• [PROBLEM STATEMENT]:
After finding the line containing "This image captures" below, please output that line and each following one through the line containing "A true collector’s", exactly as written.

• [DATA TO PROCESS]:
--------

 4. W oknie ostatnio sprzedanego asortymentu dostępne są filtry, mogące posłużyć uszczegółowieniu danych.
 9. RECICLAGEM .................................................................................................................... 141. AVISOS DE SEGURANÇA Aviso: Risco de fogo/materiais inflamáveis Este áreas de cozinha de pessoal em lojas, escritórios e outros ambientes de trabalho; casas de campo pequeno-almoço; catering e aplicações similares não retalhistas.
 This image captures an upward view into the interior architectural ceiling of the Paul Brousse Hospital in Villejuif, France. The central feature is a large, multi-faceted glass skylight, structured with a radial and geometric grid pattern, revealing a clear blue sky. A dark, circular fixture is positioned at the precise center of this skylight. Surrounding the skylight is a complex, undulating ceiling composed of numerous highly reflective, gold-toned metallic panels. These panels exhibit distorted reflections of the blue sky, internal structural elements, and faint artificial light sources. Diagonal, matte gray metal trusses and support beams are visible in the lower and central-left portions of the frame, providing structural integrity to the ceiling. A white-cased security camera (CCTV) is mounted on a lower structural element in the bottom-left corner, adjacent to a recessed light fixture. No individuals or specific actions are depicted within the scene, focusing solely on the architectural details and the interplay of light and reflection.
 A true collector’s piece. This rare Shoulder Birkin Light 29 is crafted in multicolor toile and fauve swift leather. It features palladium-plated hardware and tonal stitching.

--------

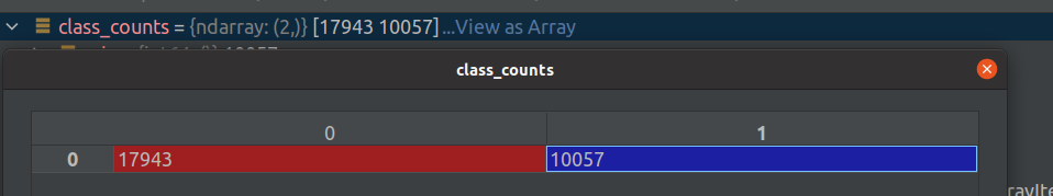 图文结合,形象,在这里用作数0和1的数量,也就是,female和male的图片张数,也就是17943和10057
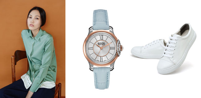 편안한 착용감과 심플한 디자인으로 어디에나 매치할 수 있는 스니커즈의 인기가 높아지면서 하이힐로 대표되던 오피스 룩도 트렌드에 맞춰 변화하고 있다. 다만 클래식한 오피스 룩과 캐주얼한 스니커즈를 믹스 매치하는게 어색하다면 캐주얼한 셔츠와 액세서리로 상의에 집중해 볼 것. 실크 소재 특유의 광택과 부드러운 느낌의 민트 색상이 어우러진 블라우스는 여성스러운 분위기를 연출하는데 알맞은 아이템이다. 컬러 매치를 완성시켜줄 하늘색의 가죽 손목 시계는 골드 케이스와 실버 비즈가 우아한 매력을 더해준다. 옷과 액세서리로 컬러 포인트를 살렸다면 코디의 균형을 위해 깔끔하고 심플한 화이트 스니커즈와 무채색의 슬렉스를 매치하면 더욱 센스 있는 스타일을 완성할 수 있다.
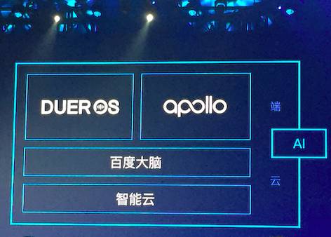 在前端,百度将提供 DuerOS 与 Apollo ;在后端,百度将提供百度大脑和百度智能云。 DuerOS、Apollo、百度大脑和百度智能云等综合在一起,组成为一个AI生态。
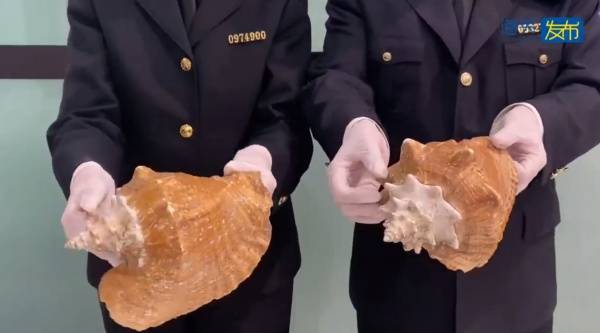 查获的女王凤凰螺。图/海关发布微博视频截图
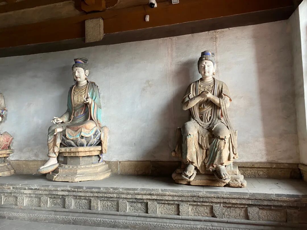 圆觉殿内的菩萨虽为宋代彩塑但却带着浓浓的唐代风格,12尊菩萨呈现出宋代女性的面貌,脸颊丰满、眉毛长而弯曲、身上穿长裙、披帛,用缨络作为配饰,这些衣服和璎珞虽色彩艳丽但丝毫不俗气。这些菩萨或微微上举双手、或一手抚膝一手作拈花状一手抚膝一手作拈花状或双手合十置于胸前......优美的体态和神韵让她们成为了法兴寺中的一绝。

--------

• [EXPECTED OUTPUT]:
 This image captures an upward view into the interior architectural ceiling of the Paul Brousse Hospital in Villejuif, France. The central feature is a large, multi-faceted glass skylight, structured with a radial and geometric grid pattern, revealing a clear blue sky. A dark, circular fixture is positioned at the precise center of this skylight. Surrounding the skylight is a complex, undulating ceiling composed of numerous highly reflective, gold-toned metallic panels. These panels exhibit distorted reflections of the blue sky, internal structural elements, and faint artificial light sources. Diagonal, matte gray metal trusses and support beams are visible in the lower and central-left portions of the frame, providing structural integrity to the ceiling. A white-cased security camera (CCTV) is mounted on a lower structural element in the bottom-left corner, adjacent to a recessed light fixture. No individuals or specific actions are depicted within the scene, focusing solely on the architectural details and the interplay of light and reflection.
 A true collector’s piece. This rare Shoulder Birkin Light 29 is crafted in multicolor toile and fauve swift leather. It features palladium-plated hardware and tonal stitching.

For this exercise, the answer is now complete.